> **Activity**
Given the entries below, would you transcribe exactly the lines starting at the one with "自由PK,体验杀戮快感,练级" and ending at the one with "Combo 2 Pastelão", both kept, pictures omitted, nothing extra?
───── Provided data ─────
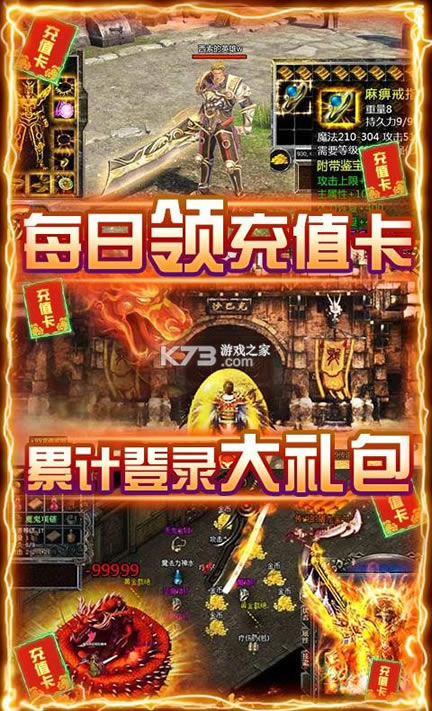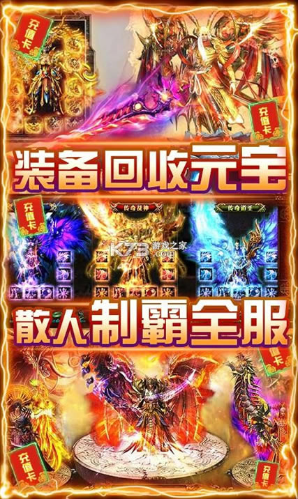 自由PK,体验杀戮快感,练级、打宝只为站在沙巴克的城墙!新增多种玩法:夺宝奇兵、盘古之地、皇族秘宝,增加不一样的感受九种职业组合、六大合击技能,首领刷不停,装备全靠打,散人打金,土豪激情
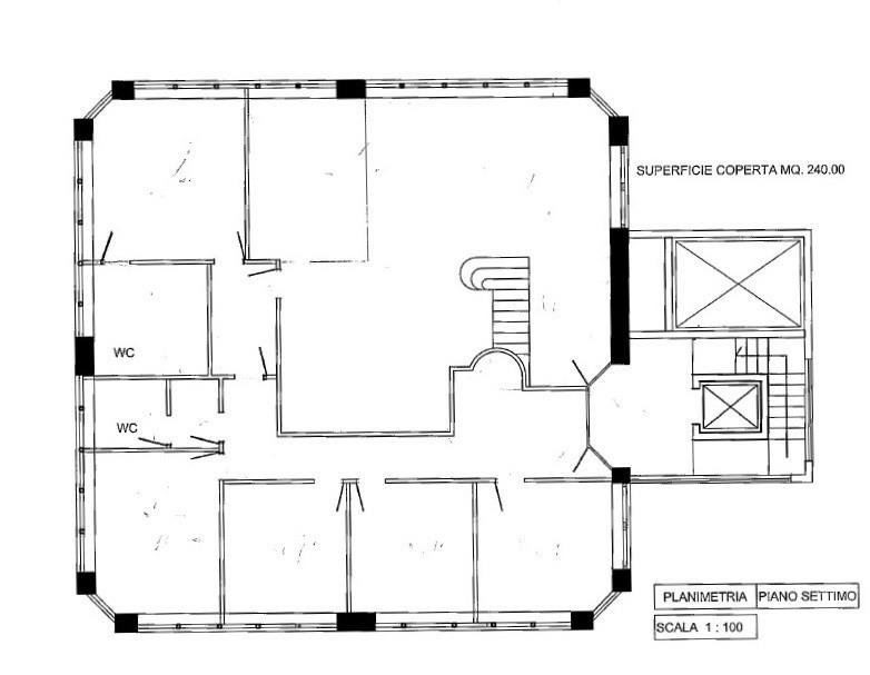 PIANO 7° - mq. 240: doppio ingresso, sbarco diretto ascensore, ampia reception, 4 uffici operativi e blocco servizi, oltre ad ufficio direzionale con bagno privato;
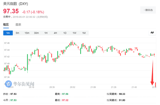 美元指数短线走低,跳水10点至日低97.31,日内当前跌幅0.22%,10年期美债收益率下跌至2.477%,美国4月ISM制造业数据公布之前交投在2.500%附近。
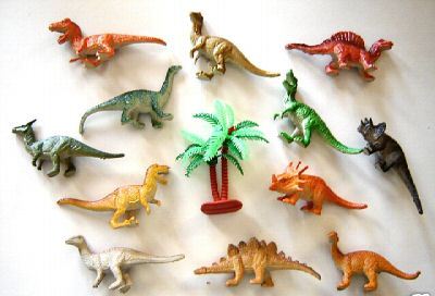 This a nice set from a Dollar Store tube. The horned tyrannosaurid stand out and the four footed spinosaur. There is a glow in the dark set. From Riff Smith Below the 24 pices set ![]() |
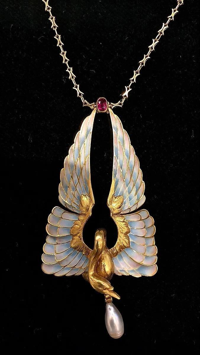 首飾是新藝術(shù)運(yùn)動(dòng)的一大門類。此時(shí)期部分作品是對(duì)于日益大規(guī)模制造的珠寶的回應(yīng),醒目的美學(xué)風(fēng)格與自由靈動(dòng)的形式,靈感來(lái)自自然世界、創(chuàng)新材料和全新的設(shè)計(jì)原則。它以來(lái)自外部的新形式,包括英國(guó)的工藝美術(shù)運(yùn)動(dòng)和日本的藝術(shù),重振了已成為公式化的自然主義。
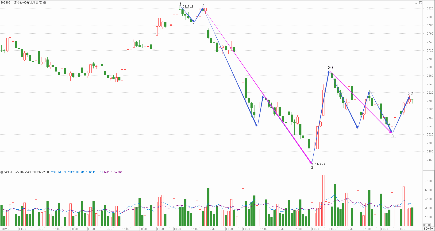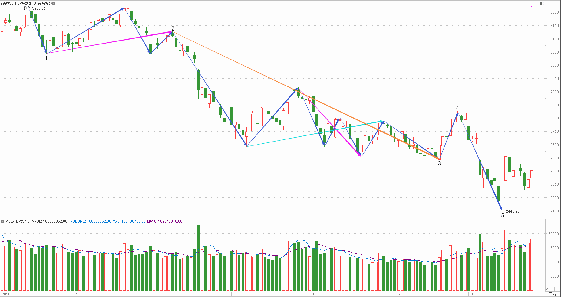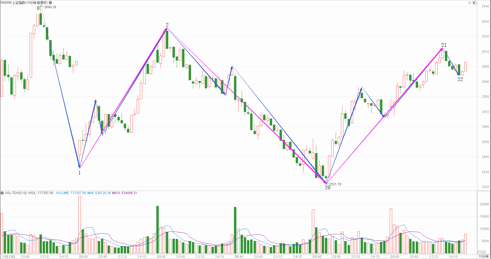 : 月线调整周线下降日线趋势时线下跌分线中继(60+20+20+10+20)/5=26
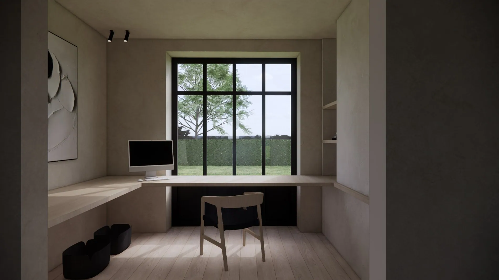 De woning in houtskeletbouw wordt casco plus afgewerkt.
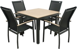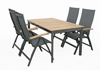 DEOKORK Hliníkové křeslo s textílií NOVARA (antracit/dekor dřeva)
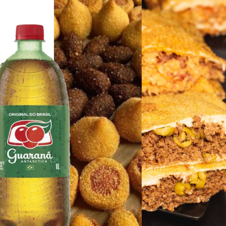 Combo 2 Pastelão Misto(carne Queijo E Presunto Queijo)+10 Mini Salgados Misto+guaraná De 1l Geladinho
─────
───── Provided data ─────
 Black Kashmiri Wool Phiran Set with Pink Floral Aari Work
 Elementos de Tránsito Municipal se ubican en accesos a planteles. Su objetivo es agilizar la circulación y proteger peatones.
─────
> **Result for this task**
 自由PK,体验杀戮快感,练级、打宝只为站在沙巴克的城墙!新增多种玩法:夺宝奇兵、盘古之地、皇族秘宝,增加不一样的感受九种职业组合、六大合击技能,首领刷不停,装备全靠打,散人打金,土豪激情
 PIANO 7° - mq. 240: doppio ingresso, sbarco diretto ascensore, ampia reception, 4 uffici operativi e blocco servizi, oltre ad ufficio direzionale con bagno privato;
 美元指数短线走低,跳水10点至日低97.31,日内当前跌幅0.22%,10年期美债收益率下跌至2.477%,美国4月ISM制造业数据公布之前交投在2.500%附近。
 This a nice set from a Dollar Store tube. The horned tyrannosaurid stand out and the four footed spinosaur. There is a glow in the dark set. From Riff Smith Below the 24 pices set ![]() |
 首飾是新藝術(shù)運(yùn)動(dòng)的一大門類。此時(shí)期部分作品是對(duì)于日益大規(guī)模制造的珠寶的回應(yīng),醒目的美學(xué)風(fēng)格與自由靈動(dòng)的形式,靈感來(lái)自自然世界、創(chuàng)新材料和全新的設(shè)計(jì)原則。它以來(lái)自外部的新形式,包括英國(guó)的工藝美術(shù)運(yùn)動(dòng)和日本的藝術(shù),重振了已成為公式化的自然主義。
 : 月线调整周线下降日线趋势时线下跌分线中继(60+20+20+10+20)/5=26
 De woning in houtskeletbouw wordt casco plus afgewerkt.
 DEOKORK Hliníkové křeslo s textílií NOVARA (antracit/dekor dřeva)
 Combo 2 Pastelão Misto(carne Queijo E Presunto Queijo)+10 Mini Salgados Misto+guaraná De 1l Geladinho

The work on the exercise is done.